Mean age of T1DM diagnosis was 5.87±3.93 years in the complication group and 4.63±3.33 years in the control group. Nephropathy was detected in 17 cases, neuropathy in 8 cases, and retinopathy in 1 case. Nephropathy occurred at a mean age of 11.52±4.12 years and neuropathy at 14.13±5.68 years. The mean HbA1c during follow-up was similar in the group with complications and the control group (8.60±0.63 vs. 8.84±1.32). Adjusted HbA1c-standard deviation (SD) and HbA1c-variation coefficient (CV) values were 1.30±0.65 and 14.36±6.23 in the group with complications (p=0.014), and 0.91±0.37 and 10.59±4.01 in the control group (p=0.013). In the Receiver Operating Characteristic (ROC)-analysis for microvascular complications, the limit value HbA1c-CV was 11.99 (sensitivity 61.9%, specificity 71.9%). This value for HbA1c-SD was 0.9699 (sensitivity 71.43%, specificity 66.67%).
This study has shown that long-term fluctuations in HbA1c are associated with the development of microvascular complications in type 1 diabetes.
This study has shown that long-term fluctuations in HbA1c are associated with the development of microvascular complications in type 1 diabetes.
Phenylalanine (Phe) hydroxylase (PAH) deficiency leads to hyperphenylalaninemia (HPA) and tyrosine (Tyr) depletion. selleck products We investigated Tyr homeostasis in patients with PAH deficiency and the effect of a slow-release amino acids therapy in phenylketonuria (PKU).

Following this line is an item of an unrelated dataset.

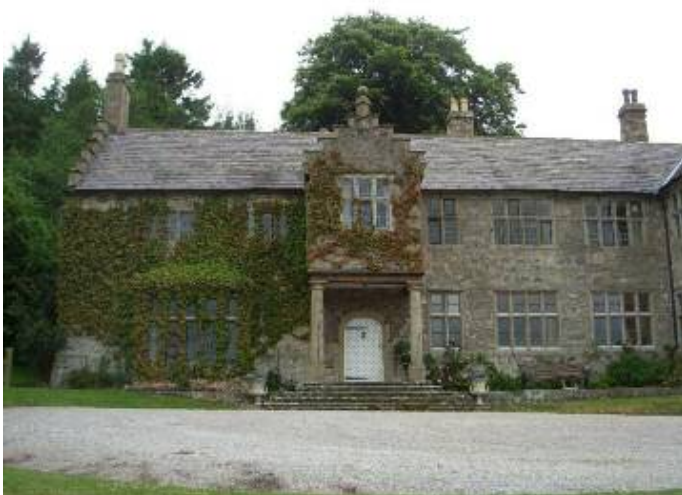
Golden Grove (1578) Llanasa

Hydref 18 Gwener 9.30 yb Arddangosfa 'Sut i ddefnyddio gwefannau perthnasol' Fflatiau Rhos Manor, Llandrillo yn Rhos.

We performed four complementary investigations (1) Tyr concentrations were monitored in 114 patients (10.6±11.9years) with PKU on dietary treatment supplemented with traditional amino acid formulations (n=52, 1175 samples) or non-PKU HPA on a free diet (n=62, 430 samples); (2) Tyr metabolism in PKU was quantitatively evaluated in three patients by a simple Tyr oral loading test (100mg/kg); (3) diurnal and (4) long-term Tyr concentrations were evaluated in 5 and 13 patients with PKU, respectively, who switched from traditional to slow-release amino acids therapy.
1) Tyr concentrations in the PKU population were subnormal and significantly lower than in non-PKU HPA (p<0.01); (2) the response to a Tyr loading test in PKU was normal, with basal Tyr concentrations reached within 12h; (3) the diurnal metabolic profile in patients on slow-release amino acids therapy revealed higher morning fasting and nocturnal Tyr concentrations with respect to traditional therapy (p<0.